The present experiment

Our main aim was to test whether the intention-superiority effect reflects more persistent accessibility of intention-related information after encoding, or whether it depends on the association of a reaction-time task with a relevant retrieval context. For all participants, reaction times for intention-related and control materials were assessed in a recognition task. A filler task intervened between the instructions, specifying the intention-related list and the control list, and the beginning of the recognition task. We assumed that a filler task of unspecified length that was unrelated to the recognition task or the intention would prevent participants from keeping the intention accessible in working memory during the whole retention interval. If we were still to demonstrate an intention-superiority effect, this would more likely be due to longer-lasting persistent activation or context-sensitive accessibility of the intention-related materials than to active maintaining processes. Goschke and Kuhl (1993) pointed out that intention-related concepts may not constantly remain at a heightened level of activation, but may simply decay at a slower rate than control materials. We therefore used a rather short filler task, assuming that persistent activation should last for more than 1 min after encoding (cf. Goschke & Kuhl, 1993, Exp. 4).

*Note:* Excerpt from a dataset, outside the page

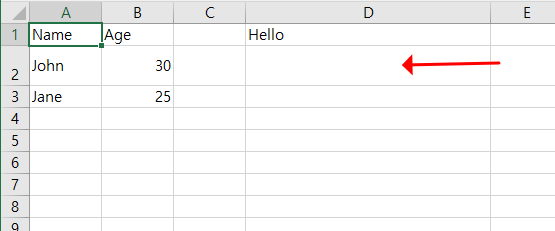 objWorksheet.Cells(1,4).Value = "Hello"

The crucial manipulation was whether or not the recognition task was associated with a proximate retrieval opportunity. Analogously to previous experiments, half of the participants expected to perform the postponed task after the recognition task, which thus indicated a proximate retrieval opportunity. The other half were told to perform the postponed task after the recognition task and another task. In this condition, the recognition task was not associated with a proximate retrieval opportunity, but indicated a more distant retrieval opportunity. If the accessibility of intention-related materials is sensitive to context information, we should observe an intention-superiority effect only when the recognition task was associated with the opportunity to realize the postponed task in the near future.

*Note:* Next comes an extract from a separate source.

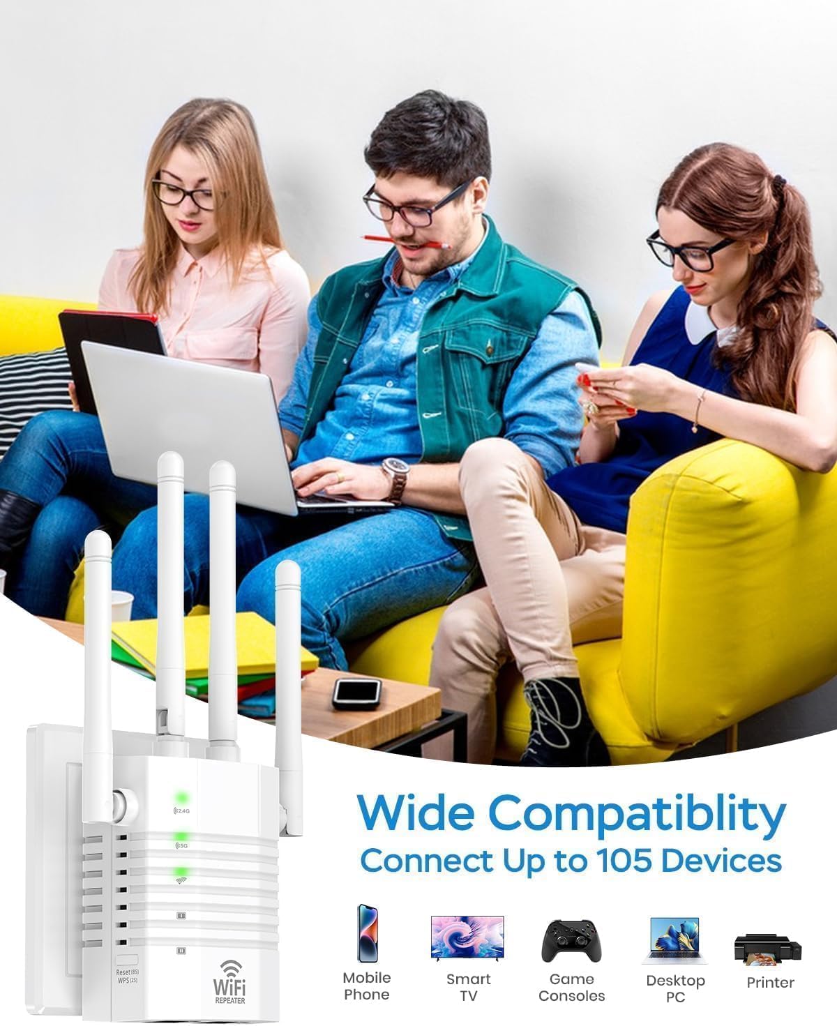 Wide Compatibility: Internet extender, support 105 devices, compatible with mobile phones, tablets, laptop, smart TV, security cameras, printers and other device connections. Wireless extender, provides interference-free, lightning-fast data functions for your home devices. WiFi booster, Easily extend the range of your home WiFi network and keep all your mobile devices connected without having to purchase more equipment.

We also manipulated the type of postponed task between participants. Half of them intended to carry out a list of actions in the presence of the experimenter (enactment task), and the other half intended to monitor and register mistakes in the experimenter’s enactment performance (monitoring task). All participants were told that the experimenter would evaluate their performance in the respective task. In line with our previous findings, we predicted that we would observe an intention-superiority effect independent of the type of task (enactment or monitoring) because participants expected to face an evaluation of their outcome (Schult & Steffens, 2011).

Method

Participants

A group of 49 undergraduates (age range 18–39 years, M = 22, SD = 3.8; 81 % women) volunteered in exchange for course credit. One participant (proximate retrieval opportunity, monitoring task) who thought that the experiment was finished after the recognition task was replaced. Twelve students were randomly assigned to each condition.

Materials

The study materials were modeled after those of Goschke and Kuhl (1993). Two lists describing simple activities (brewing coffee or making a sandwich) were used. Each list consisted of six verb–object phrases. The stimuli of both study lists were comparable with regard to word length [M = 7.4 for brewing coffee and M = 7.5 for making a sandwich; t(22) < 1] and word frequency (frequency class: M = 14.5 for both lists, according to the Deutscher Wortschatz, 2013). The recognition task consisted of 24 list words (the six verbs and six nouns of each study list) and 24 distractor words (eight lure words related to brewing coffee, eight lure words related to making a sandwich, and eight unrelated words).Footnote 1

Procedure

The participants were tested individually. When entering the laboratory, they were seated in front of a computer. The experimenter left the room with the remark: “If you need me, I am in the room next door.” All instructions were presented on a computer screen. At the beginning, participants were instructed to learn two lists of actions for a later (unspecified) memory task, emphasizing that they should be able to distinguish what action belonged to which list. The presentation of the study materials followed Goschke and Kuhl’s (1993) procedure: First, a list title (e.g., “List 1”) and then each action of a list appeared on the screen, one at a time for 5 s. Next, the whole list (and the list title) was presented for 30 s. Then the second list was presented in the same way. Both lists were presented alternately three times. The first-presented list was always called “List 1” and the second one “List 2.” The overall topics of the lists (e.g., brewing coffee) were not mentioned. The presentation order of the two lists was counterbalanced across participants, and each list served equally often as List 1 and List 2.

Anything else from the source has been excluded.